Cuanta tristeza hay cuando escuchamos a alguno que exprese que sabe que
Dios está en contra, pero... yo sé la verdad pero... sé que nunca debí haberme
comprometido pero... Todos los que han o hemos incurrido en cualquiera de estas
áreas pusimos a un lado el Señor (es igual a decir abiertamente: espérame que
te voy a desobedecer).
Porque este hecho puede acontecer en la vida de todo aquél, debido a
esta probabilidad guardase físicamente y guarde su alma con diligencia, tiene
que estar agresivo con esta amenaza que puede ser activada de ser que no se
proceda con cautela y se mantenga avisado, no de otros necesariamente, empero,
de sus propios momentos bajos. Hay tanto que cada creyente ha quedado expuesto,
ya sea esta en su vida, en la vida de otros, el mover y esas maravillosas obras
que ha hecho y continúa haciendo el Señor. Pero esas tendencias humanas puebla
tanto lo interno, que hace perder vista de lo que Dios ha estado haciendo; por
ello las Escrituras del Sabio Dios que entiende que en esto incurrimos, he allí
el imperativo, no se olvide de las cosas que ha visto.
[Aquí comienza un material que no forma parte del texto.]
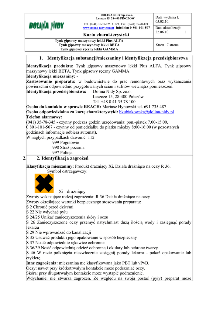 DOLINA NIDY Sp. z o.o. Leszcze 15, 28-400 PIŃCZÓW Tel. (0-41) 35-78-125 ÷ 129, Fax. (0-41) 35-78-124 www.dolina-nidy.com.pl infolinia: 0-801-101-507 Karta charakterystyki Tynk gipsowy maszynowy lekki Plus ALFA Tynk gipsowy maszynowy lekki BETA Tynk gipsowy ręczny lekki GAMMA Data wydania I: 05.02.10. Data aktualizacji: 1 22.06.10. Stron 7 strona 1. Identyfikacja substancji/mieszaniny i identyfikacja przedsiębiorstwa Identyfikacja produktu: Tynk gipsowy maszynowy lekki Plus ALFA, Tynk gipsowy maszynowy lekki BETA, Tynk gipsowy ręczny GAMMA Identyfikacja mieszaniny: Zastosowanie preparatu: w budownictwie do prac remontowych oraz wykańczania powierzchni odpowiednio przygotowanych ścian i sufitów wewnątrz pomieszczeń. Identyfikacja przedsiębiorstwa: Dolina Nidy Sp. zo.o. Leszcze 15, 28-400 Pińczów Tel. +48 0 41 35 78 100 Osoba do kontaktu w sprawie REACH: Mariusz Hynowski tel. 691 735 487 Osoba odpowiedzialna za kartę charakterystyki: [email protected] Telefon alarmowy: (041) 35-78-345 - czynny podczas godzin urzędowania: pon.-piątek 7.00-15.00, 0 801-101-507 - czynny od poniedziałku do piątku między 8:00-16:00 (w pozostałych godzinach informacje odbiera automat). W nagłych przypadkach dzwonić: 112 999 Pogotowie 998 Straż pożarna 997 Policja 2. 2. Identyfikacja zagrożeń Klasyfikacja mieszaniny: Produkt drażniący Xi. Działa drażniąco na oczy R 36. Symbol ostrzegawczy: Xi drażniący Zwroty wskazujące rodzaj zagrożenia: R 36 Działa drażniąco na oczy Zwroty określające warunki bezpiecznego stosowania preparatu: S 2 Chronić przed dziećmi S 22 Nie wdychać pyłu S 24/25 Unikać zanieczyszczenia skóry i oczu S 26 Zanieczyszczone oczy przemyć natychmiast dużą ilością wody i zasięgnąć porady lekarza S 29 Nie wprowadzać do kanalizacji S 35 Usuwać produkt i jego opakowanie w sposób bezpieczny S 37 Nosić odpowiednie rękawice ochronne S 36/39 Nosić odpowiednią odzież ochronną i okulary lub ochronę twarzy. S 46 W razie połknięcia niezwłocznie zasięgnij porady lekarza - pokaż opakowanie lub etykietę. Inne zagrożenia: mieszanina nie klasyfikowana jako PBT lub vPvB. Oczy: nawet przy krótkotrwałym kontakcie może podrażniać oczy. Skóra: przy długotrwałym kontakcie może wystąpić podrażnienie. Wdychanie: nie stwarza zagrożeń. Ze względu na swoją postać (pyły) preparat może DOLINA NIDY Sp. z o.o. Leszcze 15, 28-400 PIŃCZÓW Tel. (0-41) 35-78-125 ÷ 129, Fax. (0-41) 35-78-124 www.dolina-nidy.com.pl infolinia: 0-801-101-507 Karta charakterystyki Tynk gipsowy maszynowy lekki Plus ALFA Tynk gipsowy maszynowy lekki BETA Tynk gipsowy ręczny lekki GAMMA Data wydania I: 05.02.10. Data aktualizacji: 2 22.06.10. Stron 7 strona mechanicznie podrażniać układ oddechowy. Zagrożenia dla środowiska: w przypadku przedostania się do wód gruntowych w zależności od stężenia może zmienić pH wody. Wymieszany z odpadami organicznymi powoduje powstawanie SO2, który jest odpowiedzialny za powstawanie kwaśnych deszczów. W kontakcie z wodą twardnieje i zestala się. Klasyfikację przeprowadzono zgodnie z kryteriami zawartymi w Rozporządzeniu Ministra Zdrowia z dnia 4 września 2007 r. [Dz. U. 07 nr 174 poz. 1222]. 3. Skład/ informacja o składnikach Skład: siarczan wapnia [CaSO4], wodorotlenek wapnia [Ca(OH)2], węglan wapnia [CaCO3], dodatki i domieszki modyfikujące. Substancje wchodzące w skład preparatu, dla których określono najwyższe dopuszczalne stężenie w środowisku pracy (wymagania krajowe) oraz niebezpieczne składniki: Składniki Węglan wapnia Siarczan wapnia Wodorotlenek wapnia • nr CAS 471-34-1 7778-18-9 1305-62-0 nr WE 231-900-3 215-137-3 Symbol ostrzegawczy Xi R 41/37/38* Zawartość w % 20-40 % 50- 70 % 1-5 % - Objaśnienia zwrotów R w rozdziale 16 karty. Inne informacje: Składniki preparatu nie figurują w wykazach substancji niebezpiecznych oraz w wykazie substancji stwarzających szczególne zagrożenie dla środowiska. Do klasyfikacji przyjęto rzeczywistą zawartość składników niebezpiecznych. Wartości NDS według przepisów krajowych składników preparatu podano w pkt. 8. 4. Pierwsza pomoc W przypadku wystąpienia jakichkolwiek niepokojących objawów wezwać lekarza lub odwieźć poszkodowanego do szpitala, pokazać opakowanie lub etykietę. Instrukcje postępowania w zależności od drogi narażenia: Kontakt z oczami: działa drażniąco, powoduje zaczerwienienie, podrażnienie, pieczenie oczu, zapalenie spojówek, również przy krótkotrwałym kontakcie, w przypadku podrażnienia usunąć szkła kontaktowe, jeśli są i natychmiast opłukać oczy dużą ilością czystej wody przez 15 minut, podczas płukania trzymać szeroko otwarte oczy, jeśli podrażnienie utrzymuje się skonsultować się z lekarzem. Kontakt ze skórą: przy długotrwałym kontakcie może powodować odtłuszczenie skóry, podrażnienie, zaczerwienienie, w przypadku podrażnienia zanieczyszczoną skórę przetrzeć na sucho a następnie spłukać obficie czystą wodą z mydłem. Przy wdychaniu: w przypadku niewłaściwego stosowania i wywołania chmury pyłu może powodować podrażnienie górnych dróg oddechowych i śluzówek, unikać wzniecania pyłu, w przypadku podrażnienia wyprowadzić na świeże powietrze i obserwować, w razie konieczności skonsultować się z lekarzem. Wskazówki dla lekarza: stosować leczenie objawowe. 5. Postępowanie w przypadku pożaru Palność: preparat jest niepalny. Zalecane środki gaśnicze: stosować środki gaśnicze odpowiednie dla płonącego otoczenia. Niewskazane środki gaśnicze: silny strumień wody. Produkt twardnieje w kontakcie DOLINA NIDY Sp. z o.o. Leszcze 15, 28-400 PIŃCZÓW Tel. (0-41) 35-78-125 ÷ 129, Fax. (0-41) 35-78-124 www.dolina-nidy.com.pl infolinia: 0-801-101-507 Karta charakterystyki Tynk gipsowy maszynowy lekki Plus ALFA Tynk gipsowy maszynowy lekki BETA Tynk gipsowy ręczny lekki GAMMA Data wydania I: 05.02.10. Data aktualizacji: 3 22.06.10. Stron 7

“Que no se aparten de su corazón”. Hay personas que pueden citar con
lujo de detalles cosas que han transcurrido hace 20, 30 años y más, con lujo de
detalles. Sin embargo, cuánto varían
algunos aspectos cuando este abarca solo el bien de Dios (amnesia, corta
memoria, anteposiciones). Cuando son estos hechos que debemos de recrear una y
otra vez en medio de toda circunstancia, debido a que este hecho es una
celebración de aquello que sabemos que el Señor hizo en el pasado e igual puede
hacer en el presente, y cuánto más en el porvenir. Y la impartición de estas
enseñanzas, cuanto más se comparta, continuará bendiciendo vidas, haciendo que
la vida de otros al igual inicien el camino de bendición, confiando y
expectantes al mover del Espíritu de Dios al igual en sus vidas. El mundo
comparte en sus familias, tradiciones, leyendas, costumbres, prejuicios; y
cuantas cosas, algunas nobles, y otras que jamás debieron de ser transmitidas. Mas,
esta es la ignorancia en la que habitan. ¿Cuál es su excusa mi amado tocante a
las obras maravillosas de Dios?
...cuídate de no olvidarte de Jehová, que te sacó de la tierra de
Egipto, de casa de servidumbre (Deuteronomio 6:12).
El propósito de este recalcar, de esta insistencia, no es para
mantenerlos atados a su pasado y no disfruten su presente. La finalidad es
acentuarles que en medio de lo que están, es por la gracia y el poder de Dios.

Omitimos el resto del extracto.